Commonplace Book: Meg Greenfield

Finally getting to Washington, the hybrid memoir and take down of Washington, DC, which Meg Greenfield, the late editor of the op-ed page of the Post, wrote in secret as she was battling cancer. Having read This Town a few months back, it’s clear that Greenfield was diagnosing many of the same ills as Leibovich is, with fewer wisecracks but a sharper scalpel.

Like him, she doesn’t excuse herself from playing a role in perpetuating aspects of a system she finds baleful in many ways. But she’s has an interesting view of the “two-track” language of Washington (which she acknowledges she learned to decode, even if not to speak, early in her career.)

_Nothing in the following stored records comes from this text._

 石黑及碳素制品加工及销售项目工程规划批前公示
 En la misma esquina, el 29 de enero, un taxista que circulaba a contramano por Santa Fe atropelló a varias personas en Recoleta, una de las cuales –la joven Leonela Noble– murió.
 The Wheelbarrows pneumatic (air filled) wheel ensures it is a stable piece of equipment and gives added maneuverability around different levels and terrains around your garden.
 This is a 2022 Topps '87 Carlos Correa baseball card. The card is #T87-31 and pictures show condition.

Here’s a representative excerpt; Greenfield on politics and lying:

Reflecting on what had taken me by surprise at the outset, and on so much like it that I observed in Washington and politics generally over the years, I was eventually to conclude that there is a two-part truth that just about every one of us knows and has always known but that practically none of us will admit for fear of being seen as an accomplice. It is, first, that the basic linguistic unit of speech in politics–all politics, not just the Washington kind–is a statement that is already somewhere between one-eighth and one-fourth of the way to being a lie. (I will leave it to others to decide whether this is any different from the basic speech of either commerce or love and, if so, in what degree and with what moral difference.)

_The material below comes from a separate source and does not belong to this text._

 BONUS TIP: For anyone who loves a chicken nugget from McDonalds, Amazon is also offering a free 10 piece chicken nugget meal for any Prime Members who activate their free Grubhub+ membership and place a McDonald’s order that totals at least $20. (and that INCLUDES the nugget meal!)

The other part of the proposition is that such deception appears to be built into the process, a function of what we demand and expect and what they feel is required to stay alive and get anything whatever to happen. Politics, in other words–and not just politics practiced by people you don’t like, but politics across the board–pretty much rests on a foundation of fractional lies, justified by some commonly shared if rarely acknowledged presumptions of necessity. The phenomena, after all, has long been copiously in evidence from the White House briefing room to the debate among candidates for city council and every other office to the solemn pronouncements of State Department spokesmen to the ocean of near parody gibbledy-gabble that engulfs the pages of the Congressional Record.

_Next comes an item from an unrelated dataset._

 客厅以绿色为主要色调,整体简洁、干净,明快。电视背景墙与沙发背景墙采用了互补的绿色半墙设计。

Our preferred way of dealing with this discomfiting truth seems to be to add one more smallish-to medium lie of our own. We grouse or look the other way or pretend to be shocked, even though at some level we have known all along that what is being asserted as truth really didn’t happen that way and never was going to.

We know that are our elected representatives were not acting out of the unalloyed high purpose they solemnly claimed. And we knew that likely as not when they promised tireless, strong, conclusive action on something we cared about deeply, the odds were that more than a few of them were already shopping around for a respectable looking cop-out in which to take shelter and pretend they had done their utmost but that the bad guys had stopped them or, even more contemptuous of our intelligence, that the cop-out was the great deal they had promised.

Yet whenever one of these implausible fictions that we never took seriously to begin with hits the news for some reason and is exposed for what it is, we manage to project heart-wrenching disillusion all over again. More reckless, in my opinion, we leap to endorse and thus encourage what must be the most tiresome strain of commentary running through the nation’s op-ed pages–and that is saying something–namely, that if the politicians don’t cut it out, we the people will become cynical. Yes, we say, you are making us cynical, awful you–ignoring the fact that America and Americans were born cynical, or at least profoundly skeptical, about politicians, which is perhaps why we have survived as long as we have.

 

Ground zero of 'gibbledy-gabble,'  aka the Government Printing Office.
Ground zero of ‘gibbledy-gabble,’ aka the Government Printing Office.

It’s still worth a read, for, among other things, a reminder that the political culture we so avidly deplore in Washington now is hardly new. The book also casts a sometimes hard to read shadow narrative about Greenfield’s personal life, including the price paid for breaking through barriers–although she’d probably cringe at that term–in the all boys world of newspapering in mid-century.